Below are records with pictures. Transcribe exactly, and only, the lines from the line with "美国对华出口增速明显快于其对" to the line with "在敦行楼报告厅,苏欣从火灾对", both ends included, but not the pictures.

Source records:
● ● ●

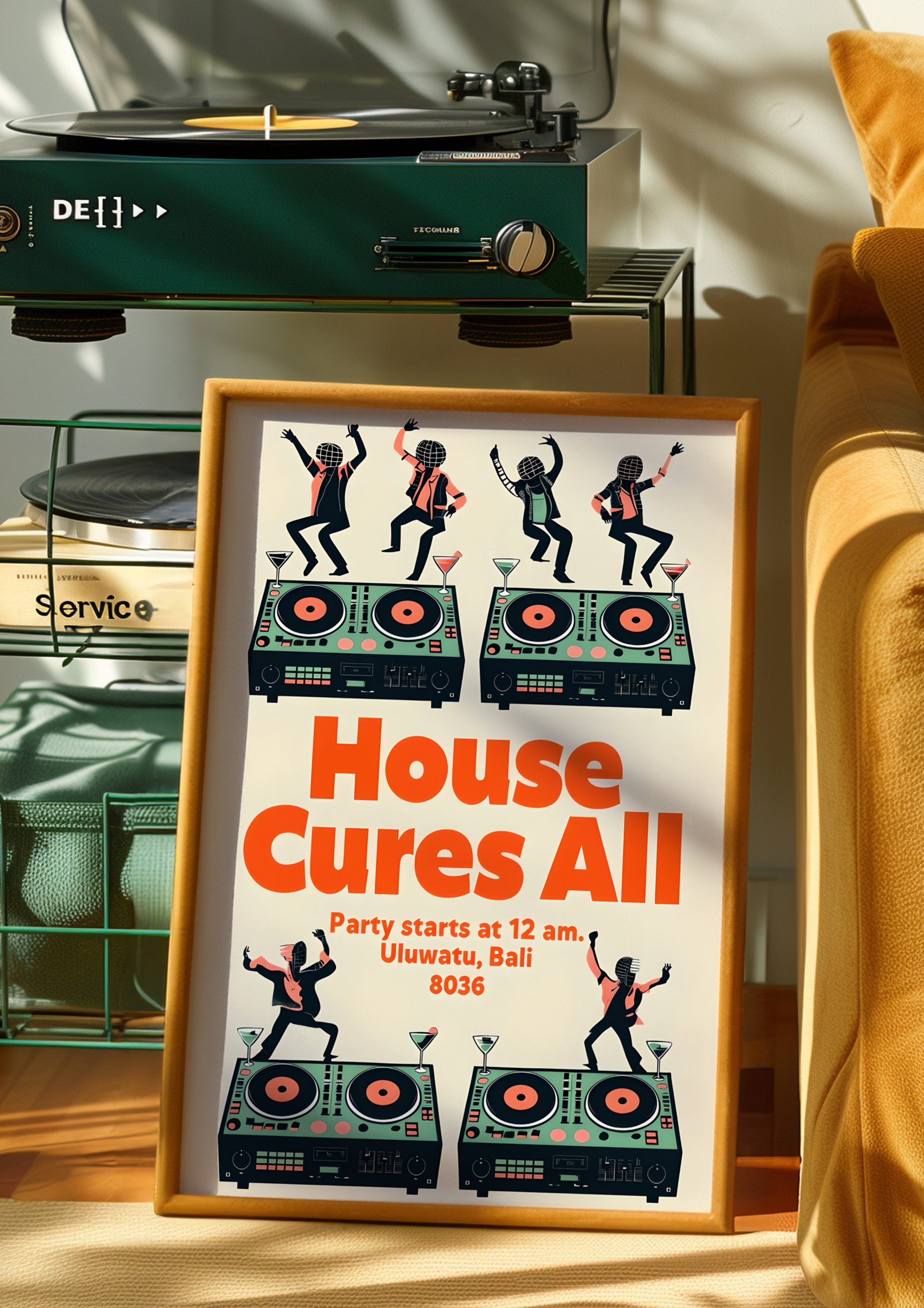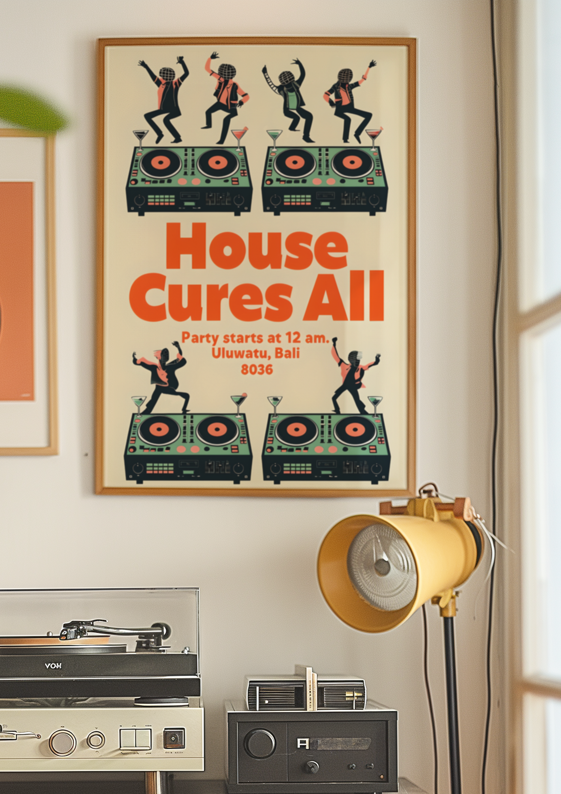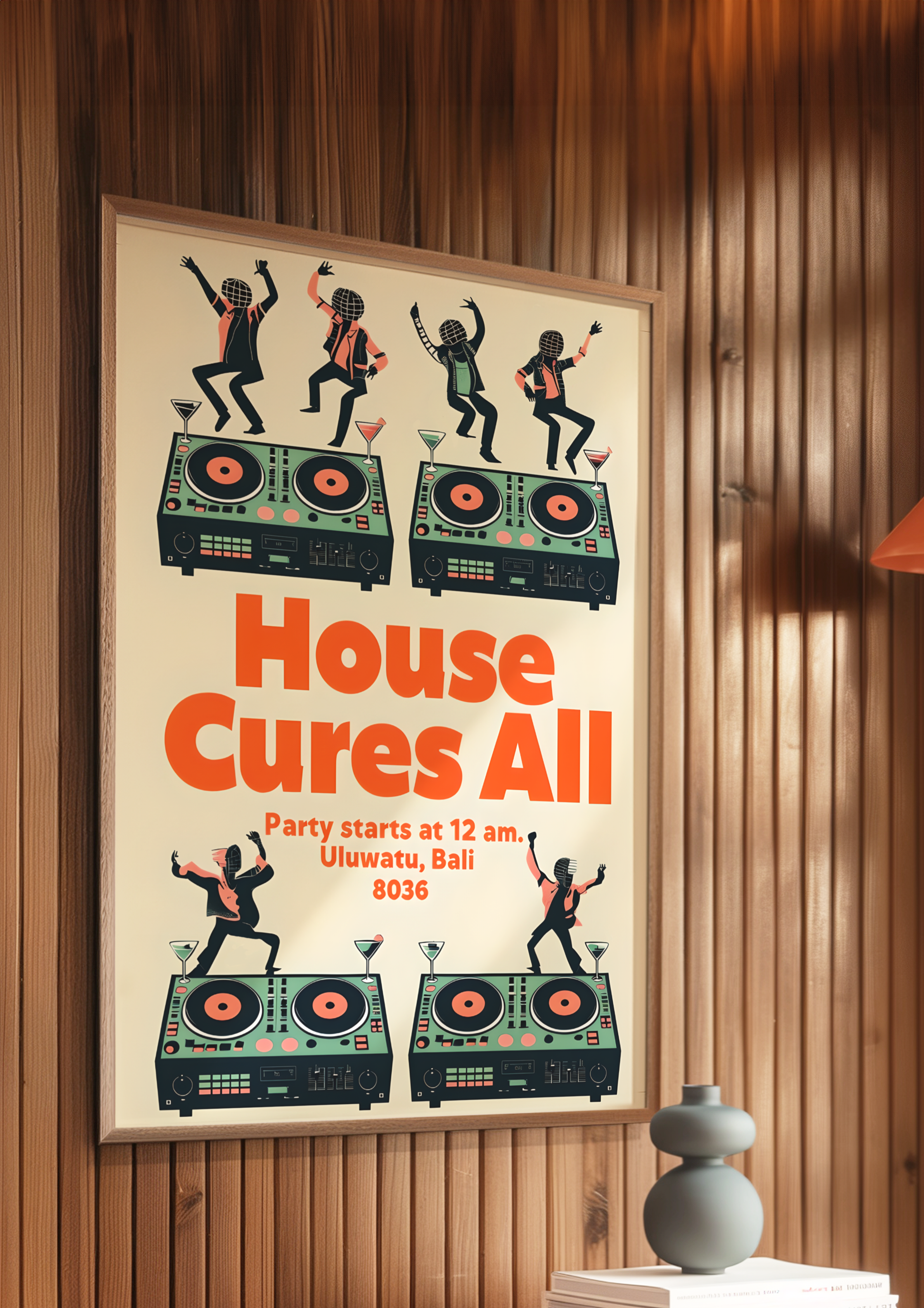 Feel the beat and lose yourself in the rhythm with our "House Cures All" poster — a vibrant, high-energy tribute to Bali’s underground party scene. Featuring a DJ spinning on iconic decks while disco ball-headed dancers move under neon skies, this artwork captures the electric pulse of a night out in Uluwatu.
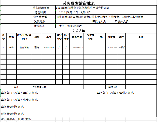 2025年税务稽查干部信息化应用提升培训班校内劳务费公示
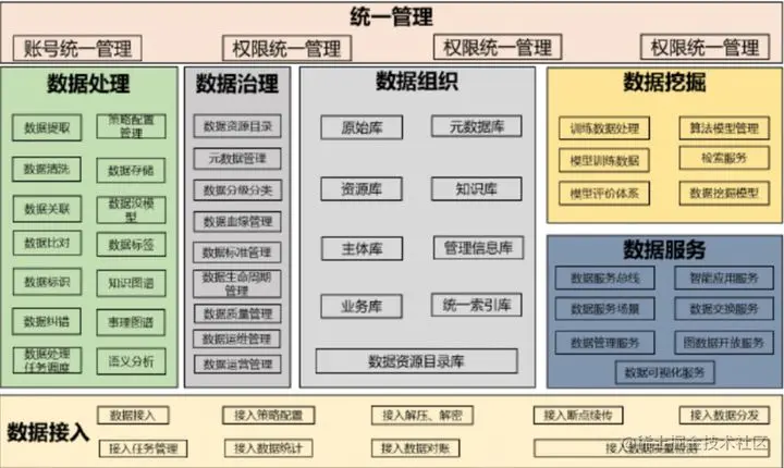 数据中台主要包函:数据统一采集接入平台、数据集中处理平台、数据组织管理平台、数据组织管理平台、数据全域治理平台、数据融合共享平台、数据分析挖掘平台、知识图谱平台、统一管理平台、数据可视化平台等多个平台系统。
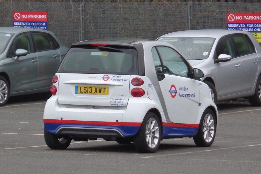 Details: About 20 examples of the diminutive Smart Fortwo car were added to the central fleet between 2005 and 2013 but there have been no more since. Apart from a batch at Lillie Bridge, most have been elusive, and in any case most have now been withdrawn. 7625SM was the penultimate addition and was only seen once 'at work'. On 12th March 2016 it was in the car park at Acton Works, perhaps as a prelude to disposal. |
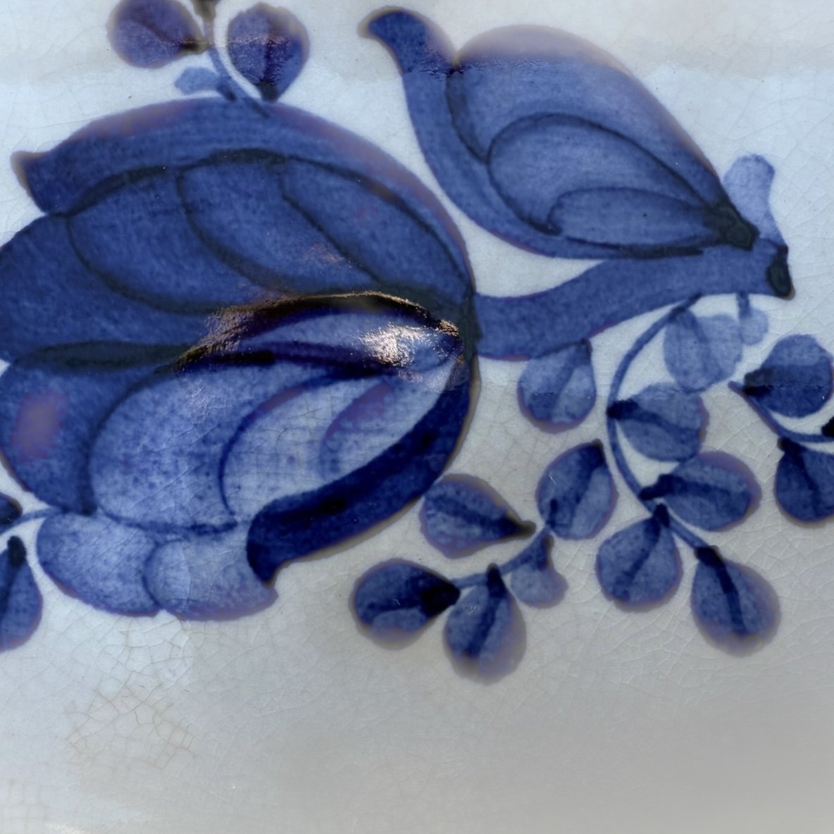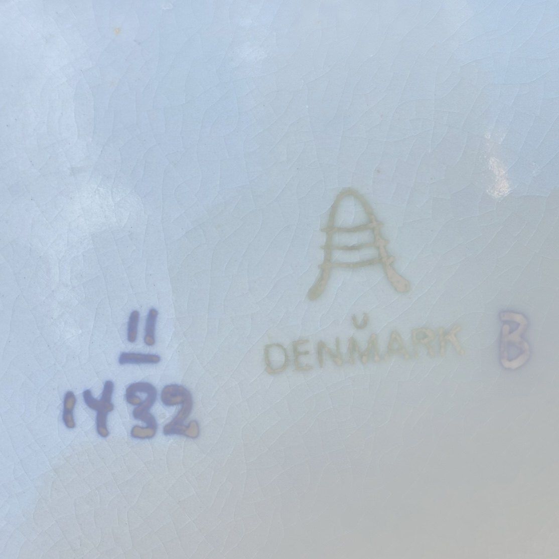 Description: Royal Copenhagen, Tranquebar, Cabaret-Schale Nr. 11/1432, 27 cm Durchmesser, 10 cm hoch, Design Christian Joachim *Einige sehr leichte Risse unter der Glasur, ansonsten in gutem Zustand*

● ● ●

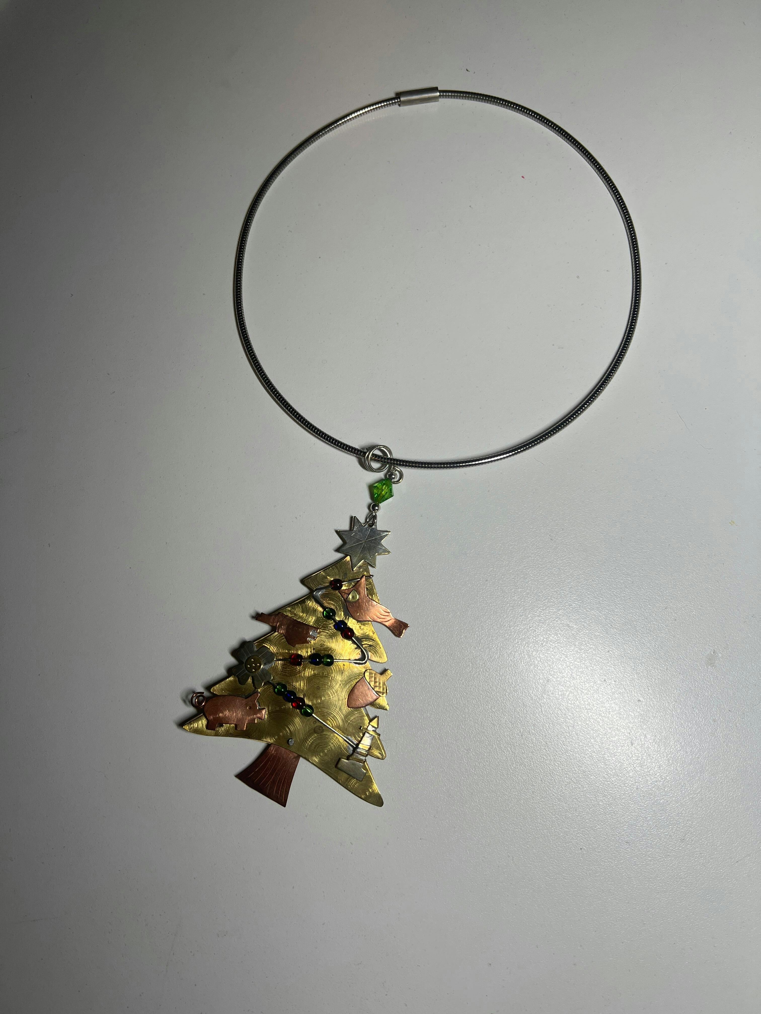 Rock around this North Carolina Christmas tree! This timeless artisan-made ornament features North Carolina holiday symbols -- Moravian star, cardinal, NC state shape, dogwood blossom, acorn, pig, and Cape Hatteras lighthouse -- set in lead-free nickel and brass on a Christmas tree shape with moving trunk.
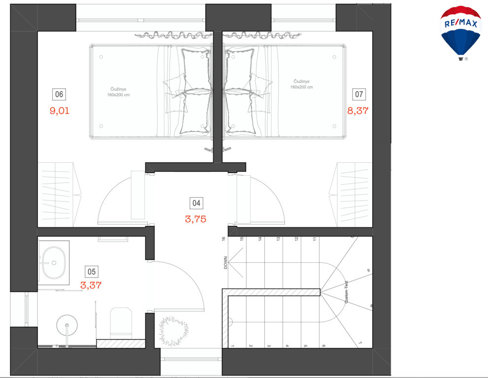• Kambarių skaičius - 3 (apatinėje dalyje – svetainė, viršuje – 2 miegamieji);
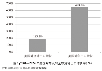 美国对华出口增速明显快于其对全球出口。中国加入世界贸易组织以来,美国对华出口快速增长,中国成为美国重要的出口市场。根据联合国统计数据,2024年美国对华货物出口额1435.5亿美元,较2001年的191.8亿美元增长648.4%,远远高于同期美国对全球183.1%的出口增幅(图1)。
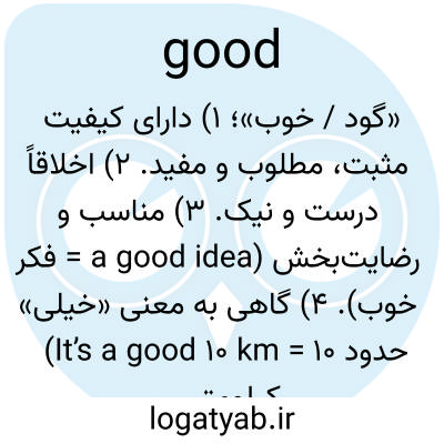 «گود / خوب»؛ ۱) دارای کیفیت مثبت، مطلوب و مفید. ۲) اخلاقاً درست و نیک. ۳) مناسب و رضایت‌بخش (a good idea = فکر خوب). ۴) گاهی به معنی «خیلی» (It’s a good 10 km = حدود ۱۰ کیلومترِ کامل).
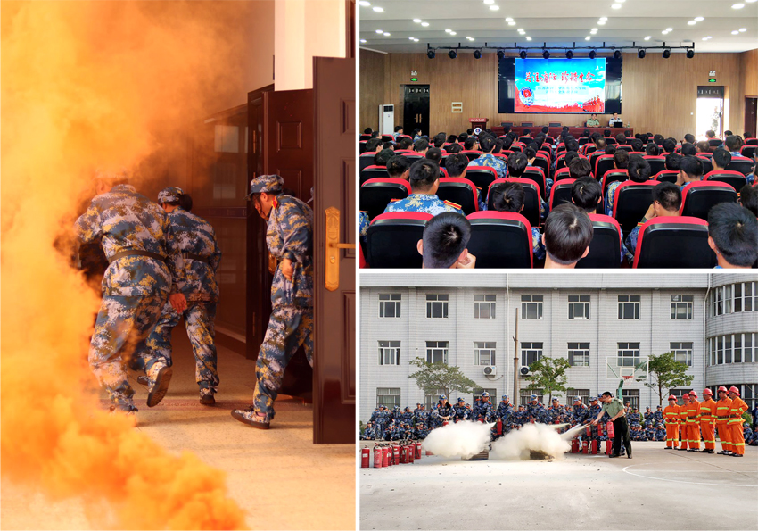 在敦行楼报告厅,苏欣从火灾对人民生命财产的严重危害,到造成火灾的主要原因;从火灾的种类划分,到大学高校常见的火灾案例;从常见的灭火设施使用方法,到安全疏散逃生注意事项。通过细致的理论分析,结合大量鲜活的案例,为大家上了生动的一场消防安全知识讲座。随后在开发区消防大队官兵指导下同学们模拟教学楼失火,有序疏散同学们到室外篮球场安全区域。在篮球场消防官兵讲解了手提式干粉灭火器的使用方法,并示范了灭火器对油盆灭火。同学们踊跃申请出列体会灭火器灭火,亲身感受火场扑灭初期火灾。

● ● ●

Response area:
 美国对华出口增速明显快于其对全球出口。中国加入世界贸易组织以来,美国对华出口快速增长,中国成为美国重要的出口市场。根据联合国统计数据,2024年美国对华货物出口额1435.5亿美元,较2001年的191.8亿美元增长648.4%,远远高于同期美国对全球183.1%的出口增幅(图1)。
 «گود / خوب»؛ ۱) دارای کیفیت مثبت، مطلوب و مفید. ۲) اخلاقاً درست و نیک. ۳) مناسب و رضایت‌بخش (a good idea = فکر خوب). ۴) گاهی به معنی «خیلی» (It’s a good 10 km = حدود ۱۰ کیلومترِ کامل).
 在敦行楼报告厅,苏欣从火灾对人民生命财产的严重危害,到造成火灾的主要原因;从火灾的种类划分,到大学高校常见的火灾案例;从常见的灭火设施使用方法,到安全疏散逃生注意事项。通过细致的理论分析,结合大量鲜活的案例,为大家上了生动的一场消防安全知识讲座。随后在开发区消防大队官兵指导下同学们模拟教学楼失火,有序疏散同学们到室外篮球场安全区域。在篮球场消防官兵讲解了手提式干粉灭火器的使用方法,并示范了灭火器对油盆灭火。同学们踊跃申请出列体会灭火器灭火,亲身感受火场扑灭初期火灾。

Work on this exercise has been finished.